## Task directions:
Reproduce every line of the material below, but drop the pictures.

[[ Exercise materials open ]]

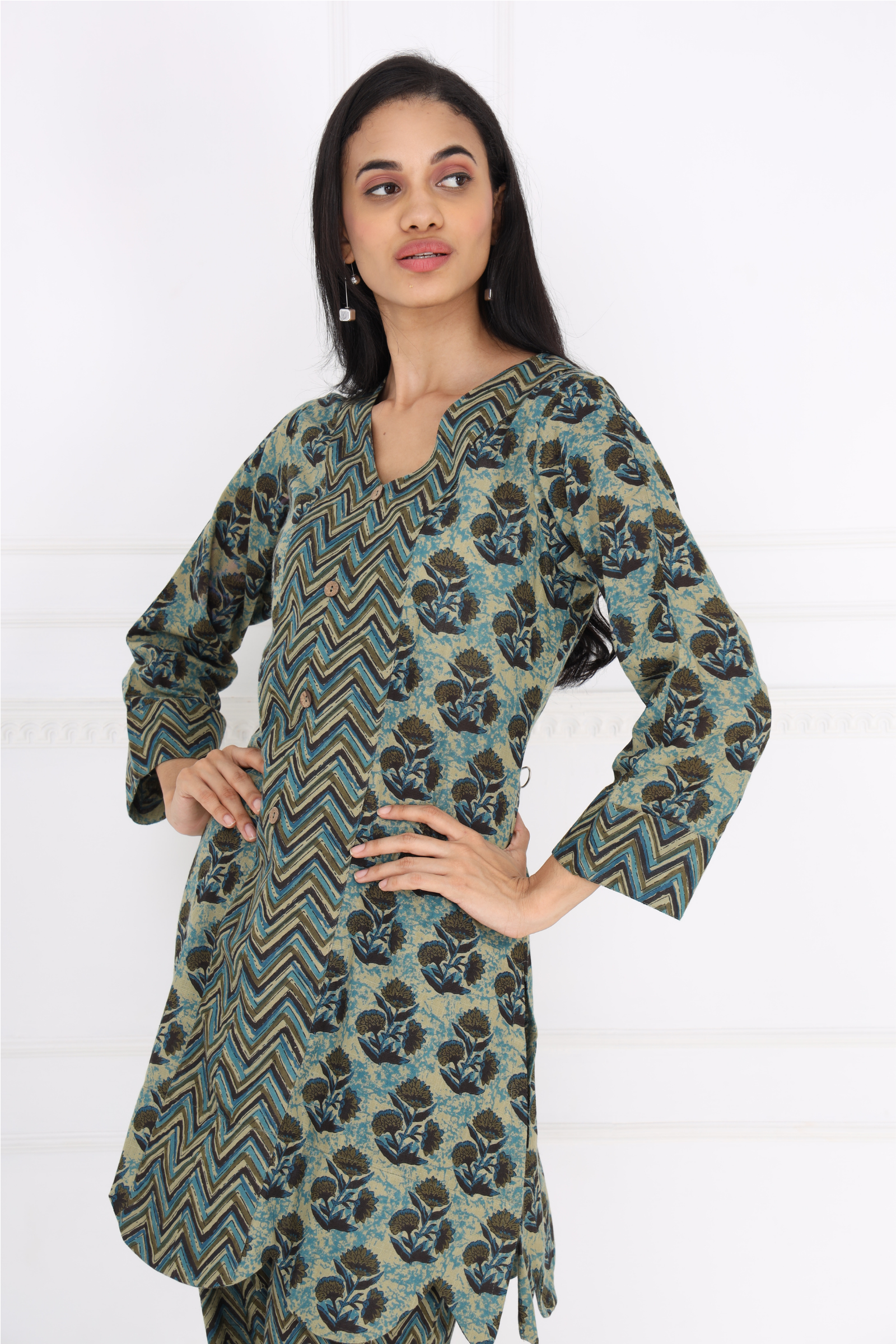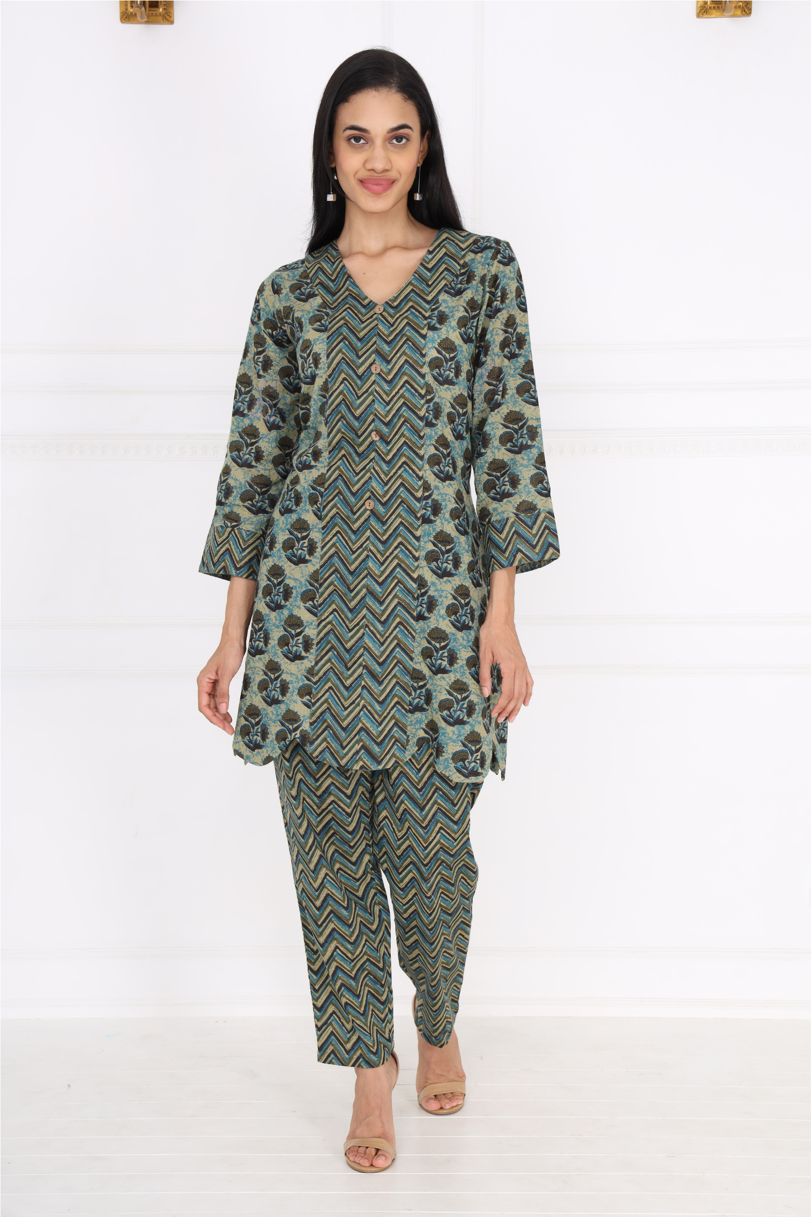 This co-ord set include kurta with pants. Rayon kurta with all over prints, 3/4th sleeves, V - neckline and scallop detailing. Rayon pants with all over prints and elasticated waist with two pockets.
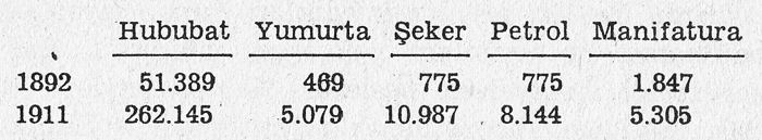 Bu rakamları çoğaltmak mümkündür (1). Meselâ, Ege bölgesi için de daha karakteristik rakamlar verilebilir. Orada artışlar, bilhassa ihracat mallarında görülür.
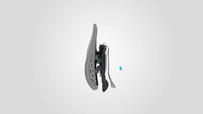minicuteは人間工学に基づいて設計された背もたれです。腰を2つのパットに密着させて、着座時にも直立姿勢のような背筋の伸びた状態を維持し、自然な姿勢をサポートします。
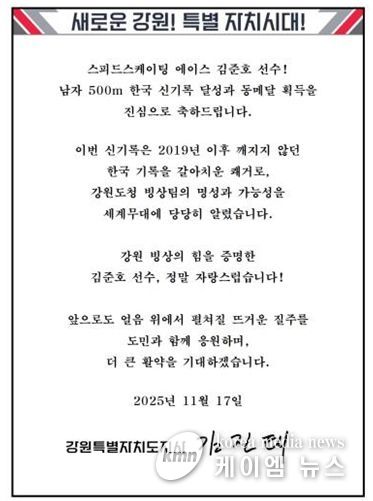 이어, “강원 빙상의 힘을 증명한 김준호 선수가 자랑스럽다”며, “앞으로도 얼음 위에서 펼쳐질 뜨거운 질주를 도민과 함께 응원한다”고 덧붙였다.
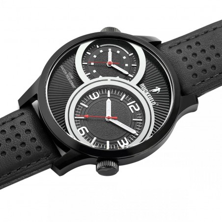 Son cadran noir met en évidence sa fonctionnalité de double fuseau horaire ainsi que les trotteuses de couleur rouge.
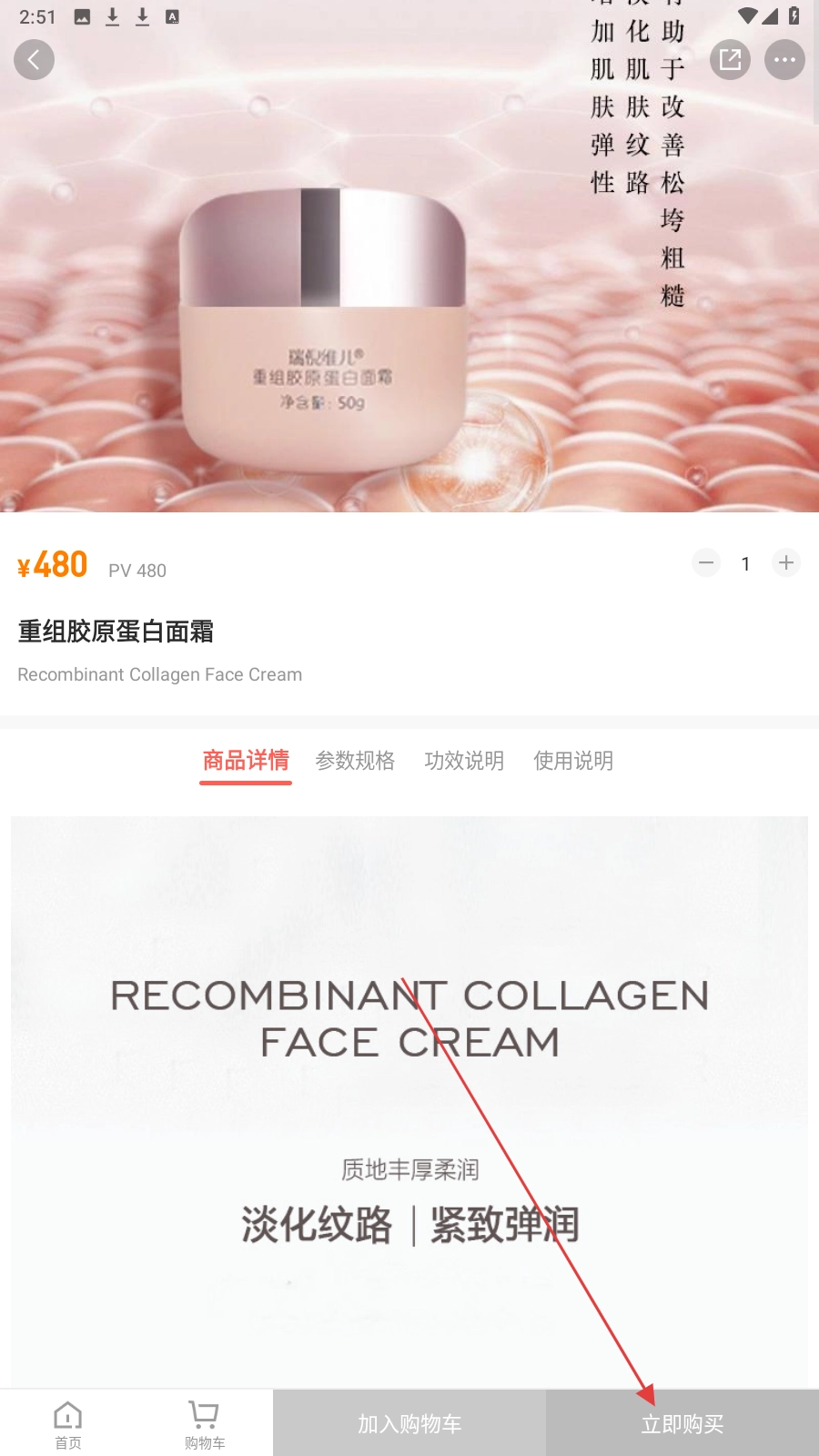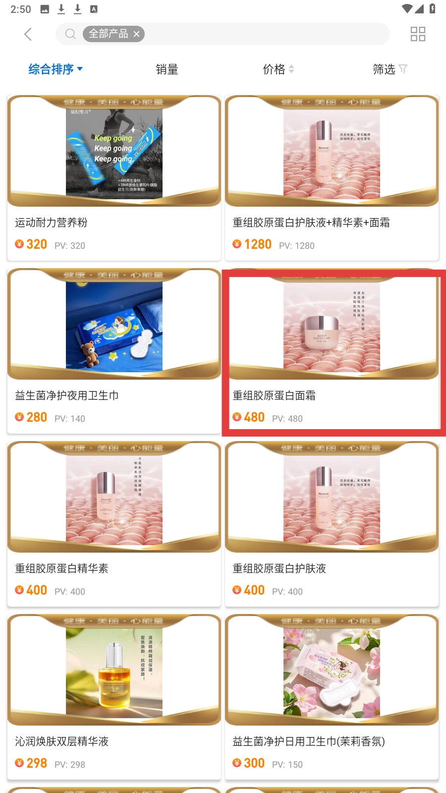 3、在商品列表,点选心仪商品,如【重组胶原蛋白面霜】。
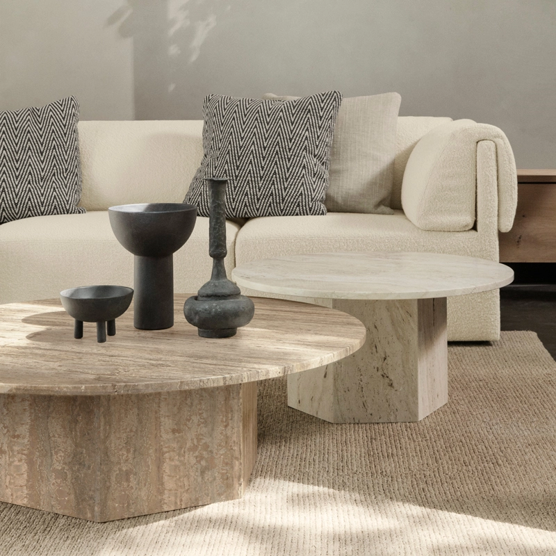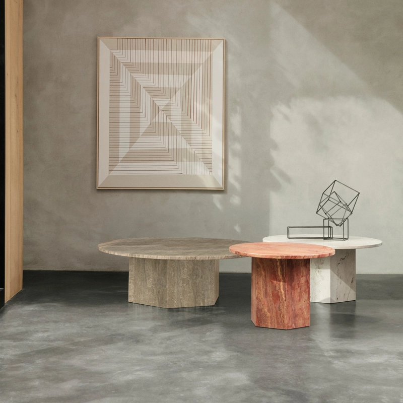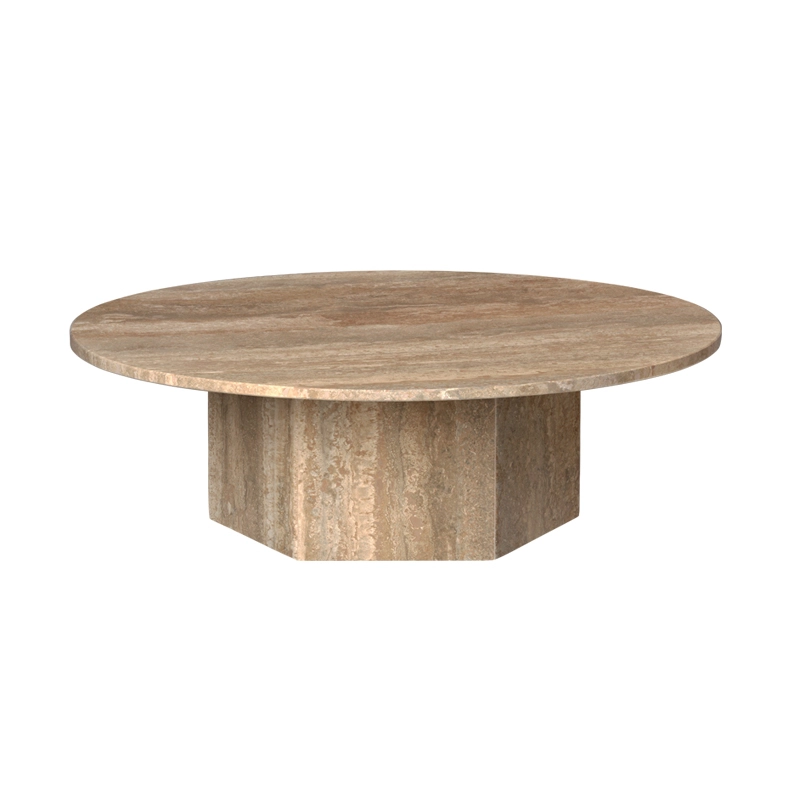 GamFratesi a conçu la table basse Epic pour Gubi comme un meuble sculptural inspiré par les colonnes grecques et l'architecture romaine et nommé d'après les poèmes épiques de l'Antiquité. Fabriquée en Italie à partir de pierre de travertin, la forme monolithique souligne la matérialité de la pierre, la beauté naturelle de ses veines et la texture vibrante de sa patine unique - dans laquelle un nouveau détail peut être découvert à chaque utilisation. Inspirée par des exemples historiques de constructions en travertin comme le Colisée et la Basilique Saint-Pierre de Rome, et par la renaissance de ce matériau dans les années 1970 en Europe du Sud, la table Epic combine deux formes géométriques simples, le cercle et l'hexagone, avec des références à la colonne grecque classique. Les options de pierre en Blanc Neutre, Gris Vibrant ou Rouge Brûlé coloré créent chacune un point focal d'intensité différente, apportant de la personnalité dans une maison et du naturel aux espaces publics. Les différentes hauteurs et diamètres de la série de tables Epic permettent de créer des compositions de plusieurs tables ou de les utiliser seules.
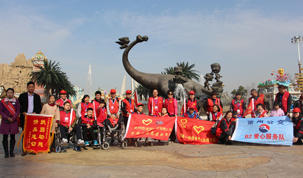 3月28日上午,常州恐龙园股份有限公司工会的学雷锋志愿者们迎来了来自全国各地30余位重残儿童,他们一起走进中华恐龙园,与恐龙馆内的恐龙化石进行了一次亲密的接触。 本次做客的残障人士多为行动不便轮椅客。恐龙园工会在安排线路上充分考虑了这一点,制定了以游园观演为主的活动方案,并全程参与在园区活动的各个环节。当孩子们看到绽放的郁金香、听到亲切的“你好!”,眉宇间的阴霾一扫而空,脸上泛起了笑容。在恐龙馆中见识了各类恐龙化石之后,海狮表演馆里能跳会算的海狮又给了他们不小的惊喜;而泰象谷里呆萌、滑稽的大象表演则彻底逗乐了大家,一个个笑的前俯后仰;当炫酷的恐龙骨架车和仿真恐龙从身旁经过,孩子们更是激动的不得了,纷纷驻足合影留念。 无私的爱心,无限的希望,恐龙园公司在注重企业效益的同时始终不忘关注社会弱势群体,公司工会组织的学雷锋志愿者服务队一直活跃在社会公益活动第一线。从年初的“格桑花”到现在的“轮椅客”到未来的“助学游”,恐龙园股份正用自己的实际行动向社会传递正能量,让“爱让希望永存”的公益理念潜移默化融入到每个人的内心深处。
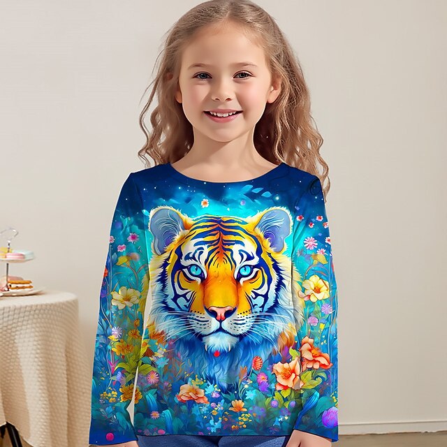 Girls' 3D Graphic Animal Tiger T shirt Tee Long Sleeve 3D Print Fall Winter Active Fashion Cute Kids 3-12 Years Outdoor Casual Daily Regular Fit 7
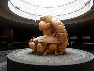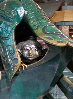 It's one and a half times life-size, cast in bronze with a jade patina and is also called the Jade Canoe. It's difficult to photograph because of the way the light reflects off the bronze. All the main characters of Haida mythology are depicted - Raven steering at the back, the Bear at the front with his human wife and their cubs, Frog, Dogfish Woman, Wolf, Beaver, the Ancient Reluctant Conscript (human) with his high hat, and the tiny Mousewoman peeping from under Raven's wing.
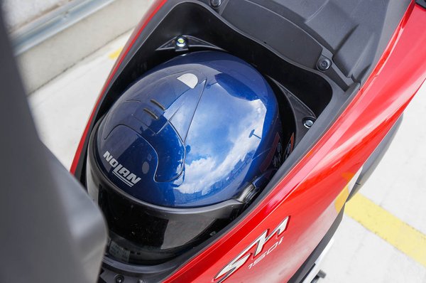 Az új SH egyszerű acélcső vázat és az idomokat a vezető feneke alatt öblösebbre vették, hogy a nagy kerékméret ellenére beférjen a zárt sisak az ülés alá. Saját Nolan N102 sisakom kis erőltetéssel tényleg megtalálta helyét, bár semmi más nem fért be mellé. Nagy dolog ez. A hátsó doboz amúgy alapáras, de nem ez a legérdekesebb, hanem, hogy a százötvenes 1,050 milliós árához jár a blokkolásgátlós fék is. A B125-ös jogosítványhoz megfelelő SH125i-ért egyébként 915 ezret kérnek, és ugyanezeket a felszereléseket adják hozzá. Az árkülönbség érezhető, de a névleges teljesítménybeli eltérés is három lóerő. A százötvenes teljesítménye eléri a tizenöt lőerős választóvonalat. Vagyis ez a változat tényleg csak hengerűrtartalma miatt lóg ki az A1-es jogosítványkategóriából.

[[ Exercise materials closed ]]

## Result below:
 This co-ord set include kurta with pants. Rayon kurta with all over prints, 3/4th sleeves, V - neckline and scallop detailing. Rayon pants with all over prints and elasticated waist with two pockets.
 Bu rakamları çoğaltmak mümkündür (1). Meselâ, Ege bölgesi için de daha karakteristik rakamlar verilebilir. Orada artışlar, bilhassa ihracat mallarında görülür.
minicuteは人間工学に基づいて設計された背もたれです。腰を2つのパットに密着させて、着座時にも直立姿勢のような背筋の伸びた状態を維持し、自然な姿勢をサポートします。
 이어, “강원 빙상의 힘을 증명한 김준호 선수가 자랑스럽다”며, “앞으로도 얼음 위에서 펼쳐질 뜨거운 질주를 도민과 함께 응원한다”고 덧붙였다.
 Son cadran noir met en évidence sa fonctionnalité de double fuseau horaire ainsi que les trotteuses de couleur rouge.
 3、在商品列表,点选心仪商品,如【重组胶原蛋白面霜】。
 GamFratesi a conçu la table basse Epic pour Gubi comme un meuble sculptural inspiré par les colonnes grecques et l'architecture romaine et nommé d'après les poèmes épiques de l'Antiquité. Fabriquée en Italie à partir de pierre de travertin, la forme monolithique souligne la matérialité de la pierre, la beauté naturelle de ses veines et la texture vibrante de sa patine unique - dans laquelle un nouveau détail peut être découvert à chaque utilisation. Inspirée par des exemples historiques de constructions en travertin comme le Colisée et la Basilique Saint-Pierre de Rome, et par la renaissance de ce matériau dans les années 1970 en Europe du Sud, la table Epic combine deux formes géométriques simples, le cercle et l'hexagone, avec des références à la colonne grecque classique. Les options de pierre en Blanc Neutre, Gris Vibrant ou Rouge Brûlé coloré créent chacune un point focal d'intensité différente, apportant de la personnalité dans une maison et du naturel aux espaces publics. Les différentes hauteurs et diamètres de la série de tables Epic permettent de créer des compositions de plusieurs tables ou de les utiliser seules.
 3月28日上午,常州恐龙园股份有限公司工会的学雷锋志愿者们迎来了来自全国各地30余位重残儿童,他们一起走进中华恐龙园,与恐龙馆内的恐龙化石进行了一次亲密的接触。 本次做客的残障人士多为行动不便轮椅客。恐龙园工会在安排线路上充分考虑了这一点,制定了以游园观演为主的活动方案,并全程参与在园区活动的各个环节。当孩子们看到绽放的郁金香、听到亲切的“你好!”,眉宇间的阴霾一扫而空,脸上泛起了笑容。在恐龙馆中见识了各类恐龙化石之后,海狮表演馆里能跳会算的海狮又给了他们不小的惊喜;而泰象谷里呆萌、滑稽的大象表演则彻底逗乐了大家,一个个笑的前俯后仰;当炫酷的恐龙骨架车和仿真恐龙从身旁经过,孩子们更是激动的不得了,纷纷驻足合影留念。 无私的爱心,无限的希望,恐龙园公司在注重企业效益的同时始终不忘关注社会弱势群体,公司工会组织的学雷锋志愿者服务队一直活跃在社会公益活动第一线。从年初的“格桑花”到现在的“轮椅客”到未来的“助学游”,恐龙园股份正用自己的实际行动向社会传递正能量,让“爱让希望永存”的公益理念潜移默化融入到每个人的内心深处。
 Girls' 3D Graphic Animal Tiger T shirt Tee Long Sleeve 3D Print Fall Winter Active Fashion Cute Kids 3-12 Years Outdoor Casual Daily Regular Fit 7
 It's one and a half times life-size, cast in bronze with a jade patina and is also called the Jade Canoe. It's difficult to photograph because of the way the light reflects off the bronze. All the main characters of Haida mythology are depicted - Raven steering at the back, the Bear at the front with his human wife and their cubs, Frog, Dogfish Woman, Wolf, Beaver, the Ancient Reluctant Conscript (human) with his high hat, and the tiny Mousewoman peeping from under Raven's wing.
 Az új SH egyszerű acélcső vázat és az idomokat a vezető feneke alatt öblösebbre vették, hogy a nagy kerékméret ellenére beférjen a zárt sisak az ülés alá. Saját Nolan N102 sisakom kis erőltetéssel tényleg megtalálta helyét, bár semmi más nem fért be mellé. Nagy dolog ez. A hátsó doboz amúgy alapáras, de nem ez a legérdekesebb, hanem, hogy a százötvenes 1,050 milliós árához jár a blokkolásgátlós fék is. A B125-ös jogosítványhoz megfelelő SH125i-ért egyébként 915 ezret kérnek, és ugyanezeket a felszereléseket adják hozzá. Az árkülönbség érezhető, de a névleges teljesítménybeli eltérés is három lóerő. A százötvenes teljesítménye eléri a tizenöt lőerős választóvonalat. Vagyis ez a változat tényleg csak hengerűrtartalma miatt lóg ki az A1-es jogosítványkategóriából.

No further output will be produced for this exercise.